Lam and Tyburski, along with colleagues, developed a disposable color-based screening test for anemia. This test is used for the determination of hemoglobin level and estimation of hematocrit percentage in whole blood. Each test requires less than half a drop of blood from a finger stick, making it considerably more practical for home use. Blood is collected from the finger stick into a small round device containing a proprietary mix of reagents that react with hemoglobin present in the sample, eliciting a color change. After mixing and waiting for two minutes, the resulting color correlates to the patient’s hemoglobin level. In 2017, Sanguina, Emory’s licensee, received 510(k) market clearance from the FDA, and in 2018 plans to launch the product for consumer sale.
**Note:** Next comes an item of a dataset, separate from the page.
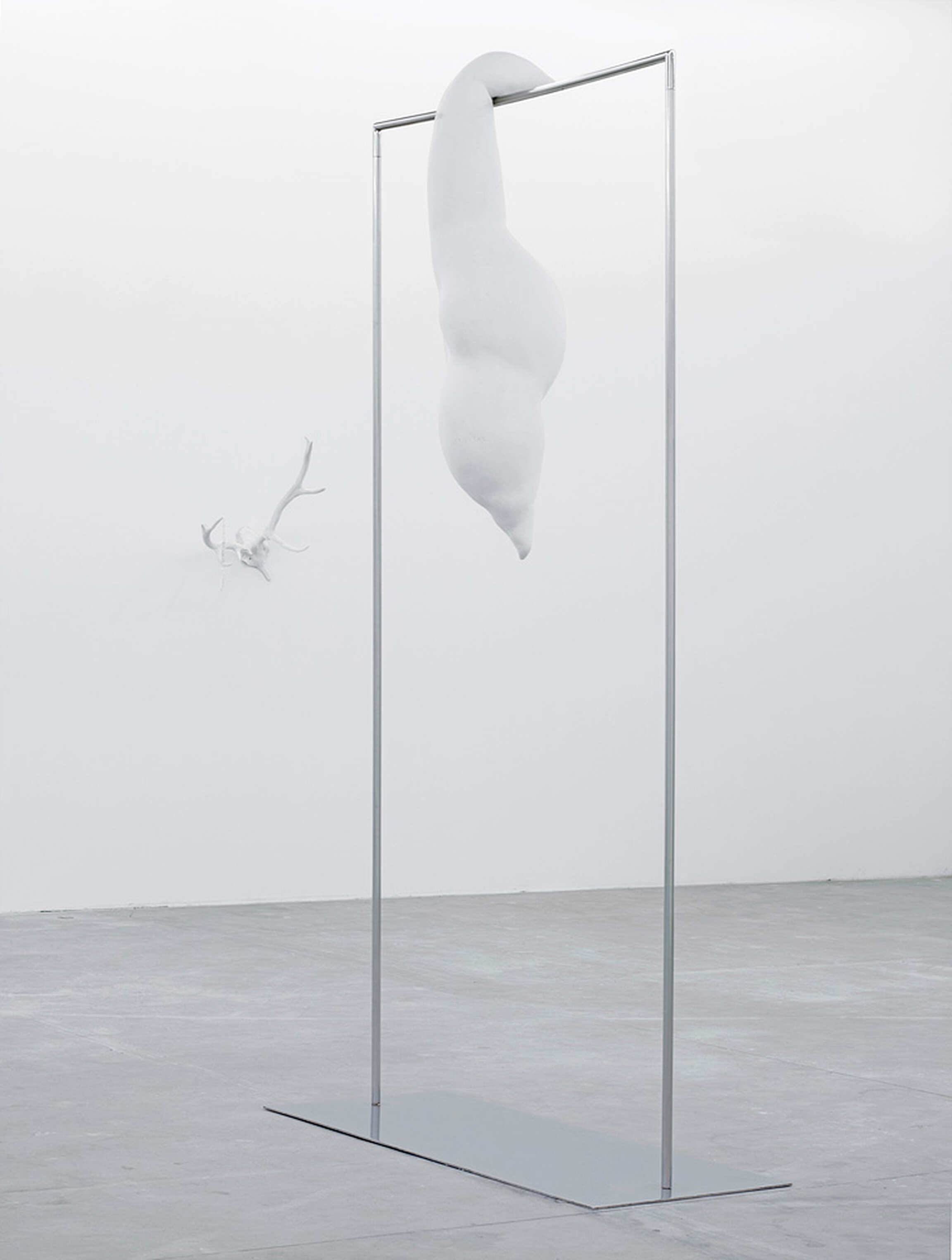A final component of the exhibition is the presence of the animal. It is metamorphic and surreal in ‘Rabbit Turning into a Cloud’; abstracted and bordering on architecture in ‘White Tongue’; poetic and icon-like in ‘Naked Animal with Roof’; and explores mortality and challenges decorative associations in ‘Nietzsche’ and ‘Melting Deer’.

Emory University’s Office of Technology Transfer has more than 30 years of success in guiding scientific discoveries from the laboratory into the marketplace. Emory currently manages more than 1,500 technologies disclosed by its scientists and physicians. This has led to the formation of 82 new companies and the introduction of more than 46 new products into the marketplace, some of which, like the discovery of several HIV drugs, have had major health and societal impact.

Emory startups have received $1 billion in private investment capital, $314 million in public investment capital, and $13.5 billion from mergers and acquisitions. Emory has filed 4,709 patent applications and been issued 514 U.S. patents and patents in 85 countries since FY1997. Emory has executed more than 750 license agreements with industry, resulting in more than $860 million in licensing revenue, creating additional funding for new and ongoing research.